Доселе, прелестный друг мой, вы, я думаю, признавали за мной такую безупречность метода, которая доставит вам удовольствие, и вы убедитесь, что я ни в чем не отступил от истинных правил ведения этой войны, столь схожей, как мы часто замечали, с настоящей войной. Судите же обо мне, как о Тюренне[67] или Фридрихе[68]. Я заставил принять бой врага, ' стремившегося лишь выиграть время. Благодаря искусным маневрам я добился того, что сам выбрал поле битвы и занял удобные позиции, я сумел усыпить бдительность противника, чтобы легче добраться до его укрытия. Я сумел внушить страх еще до начала сражения. Я ни в чем не положился на случай, разве лишь тогда, когда риск сулил большие преимущества в случае успеха и когда у меня была уверенность, что я не останусь без ресурсов в случае поражения. Наконец, я начал военные действия, лишь имея обеспеченный тыл, что давало мне возможность прикрыть и сохранить все завоеванное раньше. Это, я полагаю, все, что можно сделать. Но сейчас я боюсь, что изнежился, как Ганнибал среди утех Капуи[69]. Вот что затем произошло.

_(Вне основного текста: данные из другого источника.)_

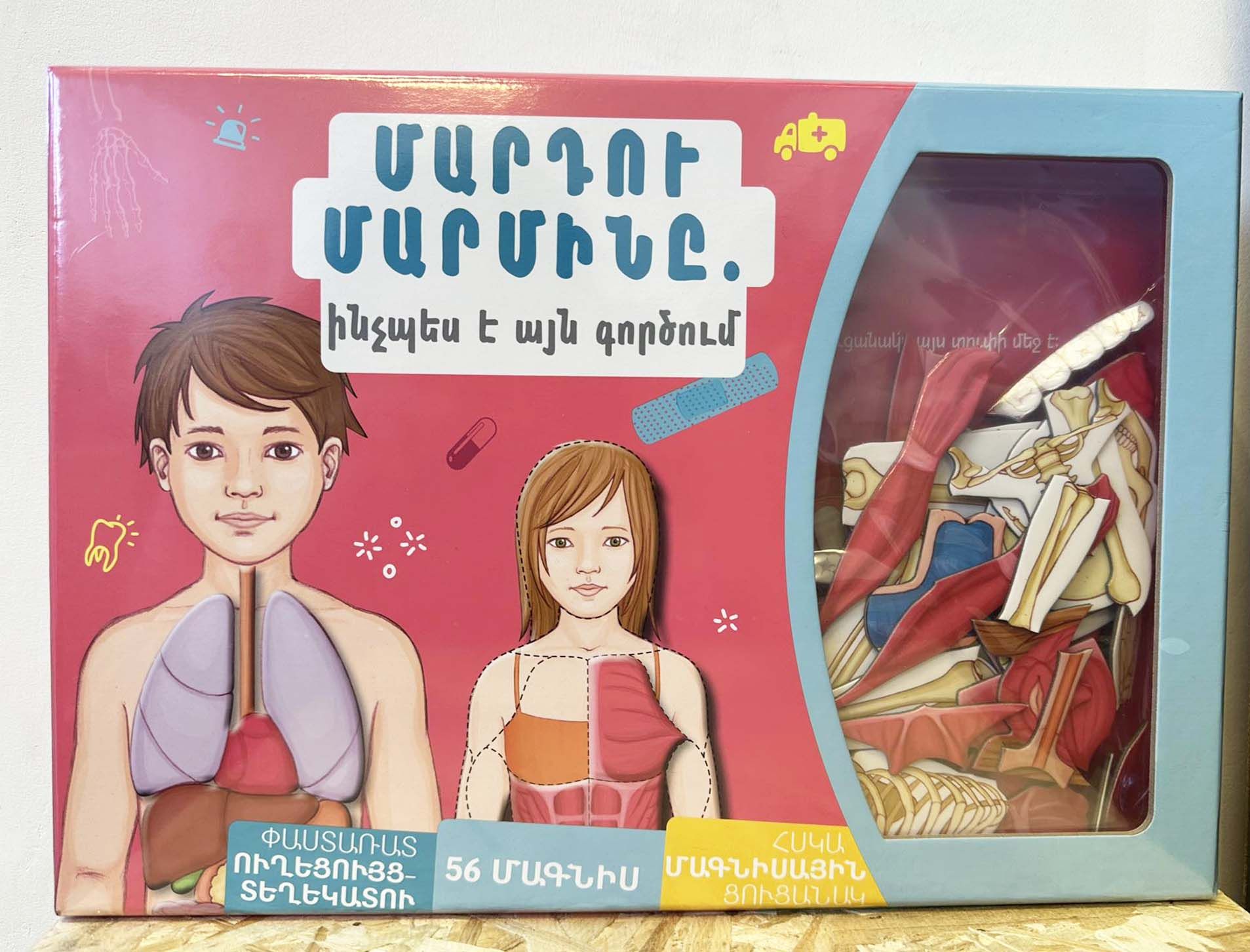Փաստառատ ուղեցույց մարդու մարմնի մասին:Մարդու մարմնի տարբեր օրգաններ ներկայացնող 56 մագնիսը դիր ճիշտ տեղերում՝ մագնիսային ցուցանակի վրա:Մարդու անատոմիան այլևս չունի ոչ մի գաղտնիք քեզ նման հմուտ բժշկից:Փաթեթը ներառում է՝ հսկա մագնիսային ցուցանակ, 56 մագնիս՝ 19 մագնիս կմախքի համար, 6 մագնիս օրգանների համար, 19 մագնիս մկանների համար, որոնք պետք է ճիշտ տեղադրել, 96 էջանոց ուղեցույց մարդու մարմնի և դրա գործառույթների համար: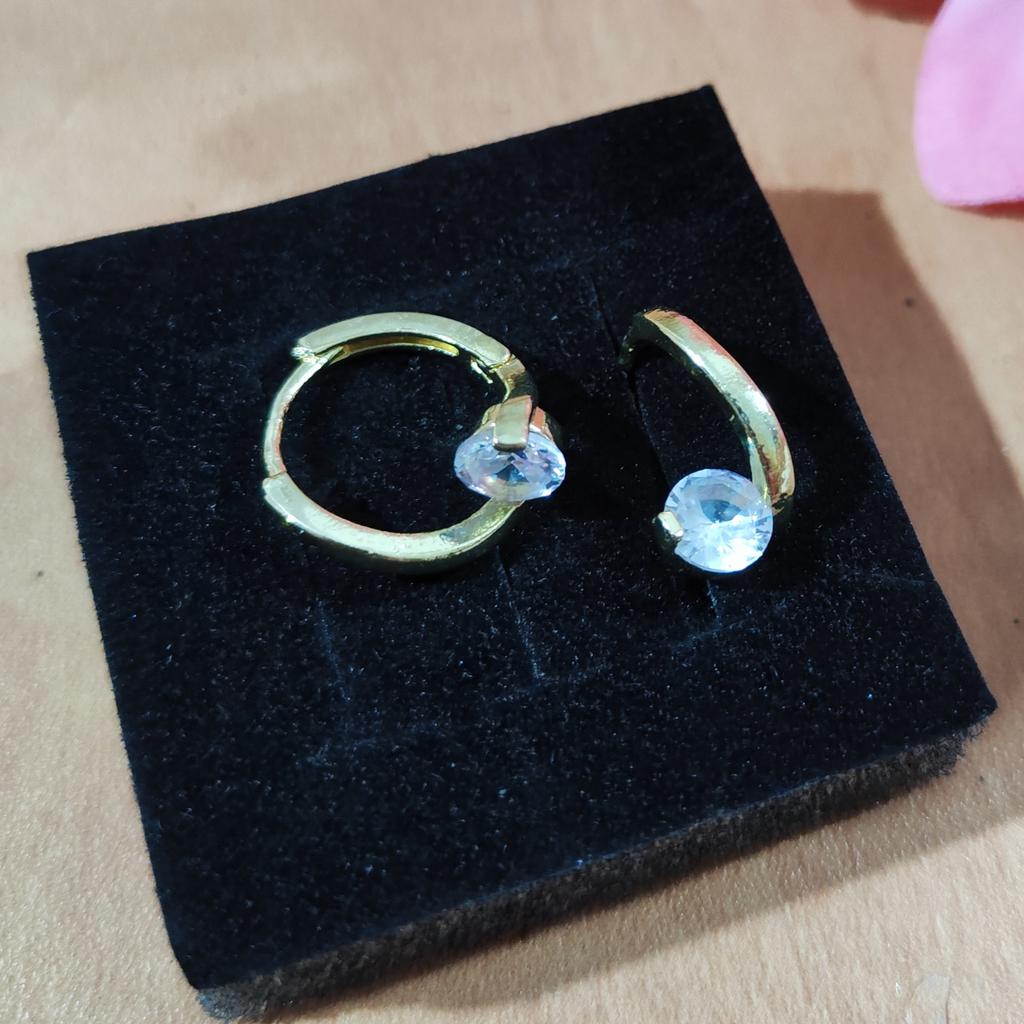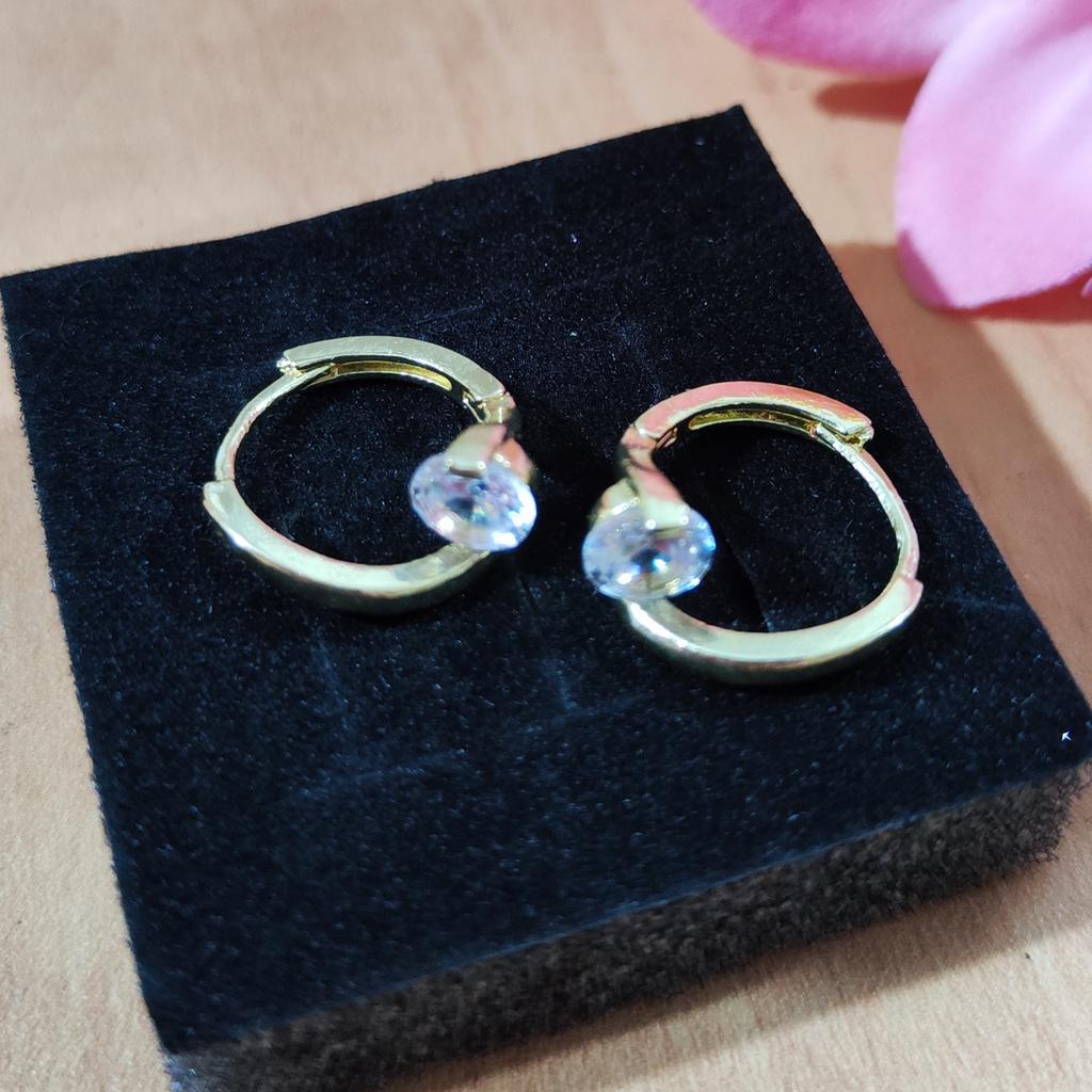 Ļoti mīļi dizaina auskari, ideāli piemēroti sievietēm vai meitenēm, izmērs ir aptuveni 1,5 cm. Izgatavoti no co0per ar zelta apdari un gludu cirkona akmeni. Ļoti viegli un ērti ausīs. Piegāde uz Īriju ilga 28 dienas, veikalā ir liela dažādu dizainu un krāsu izvēle. Laimīgu iepirkšanos!

Я готов был к тому, что столь значительное событие не обойдется без обычных слез и выражений отчаяния. И если сперва я заметил у нее немного больше смущения и какую-то внутреннюю сосредоточенность, то приписал их тому, что она ведь — недотрога. Поэтому, не обращая внимания на эти легкие отклонения, которые считал чисто случайными, я пошел проторенной дорогой привычных утешений, вполне уверенный, что, как это обычно бывает, чувственность поможет чувству и что одним действием добьешься больше, чем любыми речами, которых я, впрочем, не жалел. Однако я столкнулся с сопротивлением, поистине ужасным, и не столько по его силе, сколько по форме, в которой оно проявилось.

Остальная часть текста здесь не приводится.